• Task to complete: Could you show all lines in the entries below that contain the string "square"?
------ Available data
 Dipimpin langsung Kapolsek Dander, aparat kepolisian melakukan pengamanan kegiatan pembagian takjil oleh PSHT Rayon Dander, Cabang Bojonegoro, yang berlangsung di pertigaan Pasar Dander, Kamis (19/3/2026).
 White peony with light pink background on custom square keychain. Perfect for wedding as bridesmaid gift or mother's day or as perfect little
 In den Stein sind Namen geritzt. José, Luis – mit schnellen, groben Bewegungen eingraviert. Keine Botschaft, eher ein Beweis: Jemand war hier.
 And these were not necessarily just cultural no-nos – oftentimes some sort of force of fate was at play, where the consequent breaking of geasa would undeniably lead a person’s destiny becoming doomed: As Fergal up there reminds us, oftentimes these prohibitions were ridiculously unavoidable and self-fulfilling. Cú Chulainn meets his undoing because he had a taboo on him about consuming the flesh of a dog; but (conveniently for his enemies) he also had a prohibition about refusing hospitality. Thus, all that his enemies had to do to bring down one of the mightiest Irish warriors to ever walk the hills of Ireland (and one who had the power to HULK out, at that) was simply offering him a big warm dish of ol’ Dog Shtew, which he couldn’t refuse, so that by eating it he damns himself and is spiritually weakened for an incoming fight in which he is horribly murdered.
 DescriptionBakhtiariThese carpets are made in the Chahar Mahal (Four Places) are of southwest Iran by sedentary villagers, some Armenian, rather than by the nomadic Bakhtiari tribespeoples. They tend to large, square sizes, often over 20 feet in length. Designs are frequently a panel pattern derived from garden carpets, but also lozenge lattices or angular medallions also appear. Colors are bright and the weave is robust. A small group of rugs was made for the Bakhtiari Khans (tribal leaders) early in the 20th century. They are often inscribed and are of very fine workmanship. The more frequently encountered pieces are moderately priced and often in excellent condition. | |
------------
------ Available data
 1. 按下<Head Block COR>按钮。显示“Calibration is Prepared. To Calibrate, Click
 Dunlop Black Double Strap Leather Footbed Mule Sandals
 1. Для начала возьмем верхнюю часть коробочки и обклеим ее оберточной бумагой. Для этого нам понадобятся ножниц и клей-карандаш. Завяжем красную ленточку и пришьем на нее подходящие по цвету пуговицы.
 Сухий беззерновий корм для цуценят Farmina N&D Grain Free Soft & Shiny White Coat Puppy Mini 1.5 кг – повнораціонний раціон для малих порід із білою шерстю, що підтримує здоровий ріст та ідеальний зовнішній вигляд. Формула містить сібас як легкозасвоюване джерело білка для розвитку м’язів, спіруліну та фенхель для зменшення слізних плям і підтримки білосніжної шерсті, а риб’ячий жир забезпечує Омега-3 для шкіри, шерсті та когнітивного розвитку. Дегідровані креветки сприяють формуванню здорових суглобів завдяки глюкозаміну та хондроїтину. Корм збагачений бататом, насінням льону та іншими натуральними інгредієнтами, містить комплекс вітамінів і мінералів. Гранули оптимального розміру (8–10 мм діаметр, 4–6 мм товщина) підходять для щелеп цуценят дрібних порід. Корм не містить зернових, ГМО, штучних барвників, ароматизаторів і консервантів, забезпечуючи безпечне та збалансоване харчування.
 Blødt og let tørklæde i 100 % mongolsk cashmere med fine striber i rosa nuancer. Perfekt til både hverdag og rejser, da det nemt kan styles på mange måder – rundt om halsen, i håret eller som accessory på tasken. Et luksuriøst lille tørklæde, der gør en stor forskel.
------------
------ Available data
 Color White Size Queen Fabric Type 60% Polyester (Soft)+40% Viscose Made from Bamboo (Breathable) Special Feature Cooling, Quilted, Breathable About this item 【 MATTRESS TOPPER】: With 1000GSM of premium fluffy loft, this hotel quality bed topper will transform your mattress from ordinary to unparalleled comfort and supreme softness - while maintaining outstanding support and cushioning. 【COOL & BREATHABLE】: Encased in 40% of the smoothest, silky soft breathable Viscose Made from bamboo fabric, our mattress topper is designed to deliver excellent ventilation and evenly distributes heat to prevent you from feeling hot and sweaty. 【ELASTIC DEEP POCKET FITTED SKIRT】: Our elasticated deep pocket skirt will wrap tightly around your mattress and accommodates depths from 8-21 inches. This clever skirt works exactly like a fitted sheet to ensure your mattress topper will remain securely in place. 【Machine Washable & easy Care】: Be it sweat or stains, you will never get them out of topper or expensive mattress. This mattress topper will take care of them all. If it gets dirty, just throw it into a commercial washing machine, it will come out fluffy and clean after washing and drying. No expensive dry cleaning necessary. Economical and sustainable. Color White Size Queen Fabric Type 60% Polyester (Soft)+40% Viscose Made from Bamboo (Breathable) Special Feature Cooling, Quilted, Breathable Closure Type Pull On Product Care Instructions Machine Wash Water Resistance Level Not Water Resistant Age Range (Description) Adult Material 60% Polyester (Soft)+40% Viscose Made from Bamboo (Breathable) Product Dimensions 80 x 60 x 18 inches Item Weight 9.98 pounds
------------
• Response to this exercise:
 White peony with light pink background on custom square keychain. Perfect for wedding as bridesmaid gift or mother's day or as perfect little
 DescriptionBakhtiariThese carpets are made in the Chahar Mahal (Four Places) are of southwest Iran by sedentary villagers, some Armenian, rather than by the nomadic Bakhtiari tribespeoples. They tend to large, square sizes, often over 20 feet in length. Designs are frequently a panel pattern derived from garden carpets, but also lozenge lattices or angular medallions also appear. Colors are bright and the weave is robust. A small group of rugs was made for the Bakhtiari Khans (tribal leaders) early in the 20th century. They are often inscribed and are of very fine workmanship. The more frequently encountered pieces are moderately priced and often in excellent condition. | |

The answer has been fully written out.